For more than fifty-five years, Ron Nagle has asserted his quixotic mind and humor throughout a wildly creative life in both sculpture and, perhaps lesser known to art audiences, music. His latest exhibition, “Necessary Obstacles,” presents eighteen new characteristically small objects fashioned from clay, epoxy resin, and catalyzed polyurethane, along with six drawings. Having investigated the cup form’s possibilities for decades, Nagle constructs grotto-like microarchitectures less than six inches high in these recent works, which delineate exterior/interior divides.
Some sculptures evoke biomorphic huts, while colorfully offset slit openings tease unviewable recesses in other pieces. Inspired by the Japanese shibui aesthetic, the artist holds contradiction close at hand, contrasting rough textured clay slabs with smooth and viscous nonceramic materials that spill over their squared-off edges—liquids locked into a fixed position, like frozen syrups or melted wax sealings. Only the Homely, 2021, riffs on the title of a Roy Orbison song and reflects the sculptor’s jocosity. Its foregrounded protuberance of raw broken clay serves as a reminder of his study under legendary ceramics maverick Peter Voulkos.
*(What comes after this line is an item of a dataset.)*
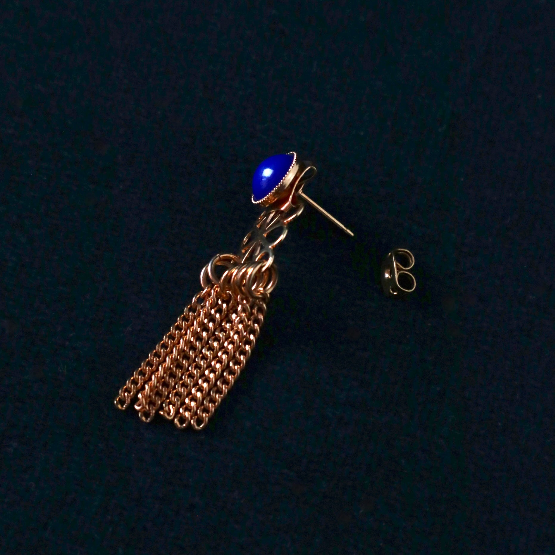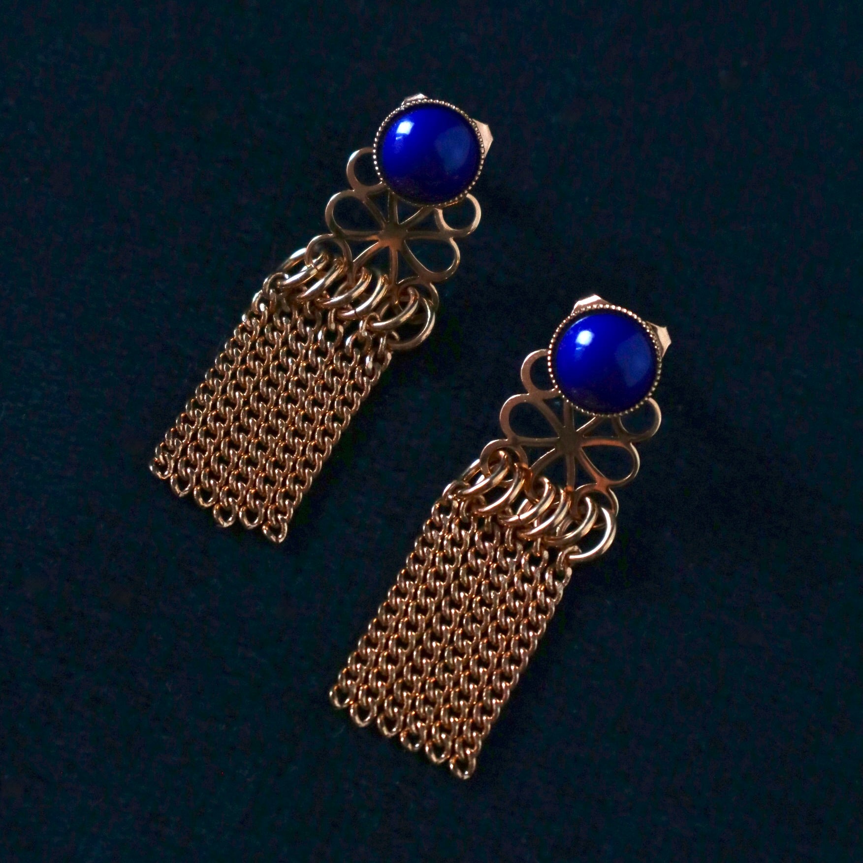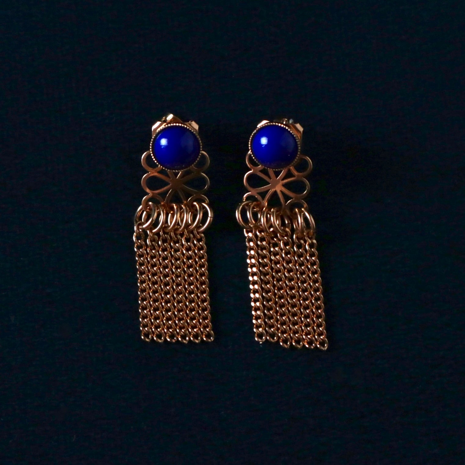 Le cabochon bleu marine rappelant le lapis lazuli est du Swarovski vintage.

Nagle’s obsessive firing and finishing techniques can produce otherworldly qualities that emphasize the more graphic elements of his output. The cerulean cube of stuccoed and pitted clay in Silent Witness, 2021, appears resolutely two-dimensional, a kind of reverse trompe l’oeil that resembles a chromatized lunar surface photo.
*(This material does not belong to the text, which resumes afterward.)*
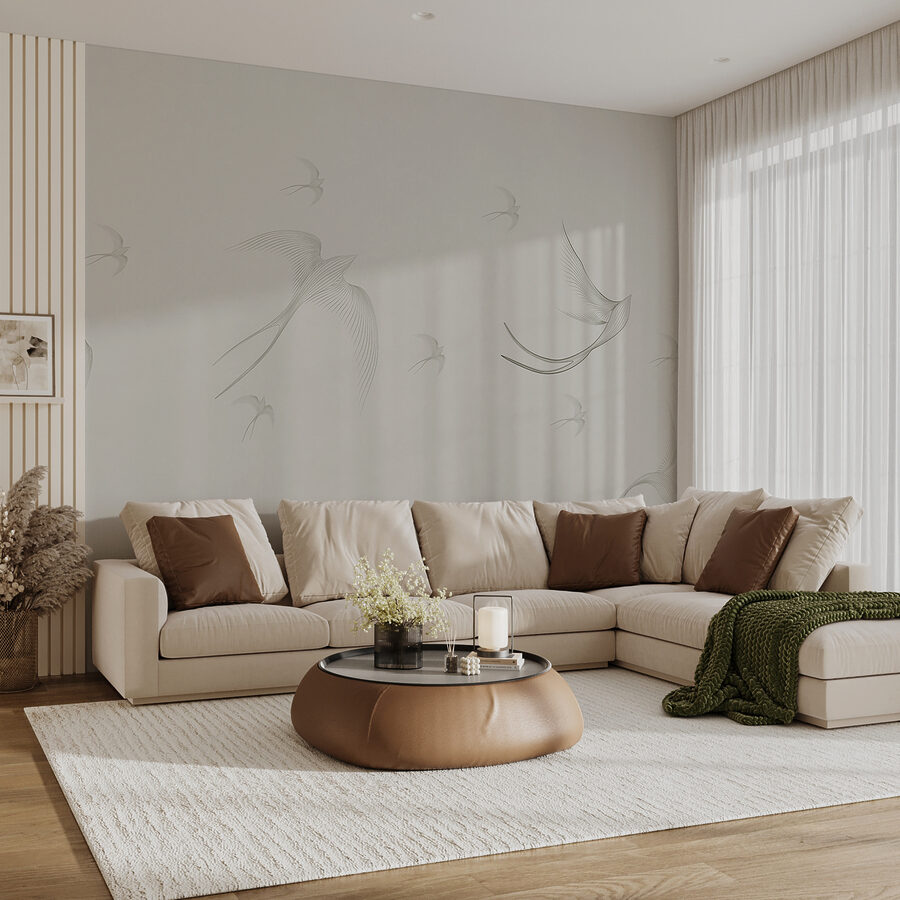 Este mural não é apenas bonito; acrescenta um toque de estilo contemporâneo que é perfeito para qualquer espaço moderno. Além disso, é versátil – encaixa-se perfeitamente, quer esteja a decorar um escritório em casa ou a dar um novo visual ao quarto. As linhas suaves e os tons suaves fazem com que pareça que os pássaros estão quase vivos, flutuando para dentro e para fora com uma sensação de liberdade que é contagiante.

The bizarre scenarios Nagle conjures in sculpture match the strange character studies in his songwriting (such as 1970’s “Sister Cora,” a throat-fraying rocker seemingly about a faith healer), yet a full story is always elusive. (He states that art “gave me my own secret life.”) Thankfully he shares some enigmas and would-be private jokes with us in his precise but mischievous pieces: He is a trickster working within limitations, finding fresh arrangements each time. Nagle has pulled off the feat of being consistently weird, never devolving into predictable shenanigans.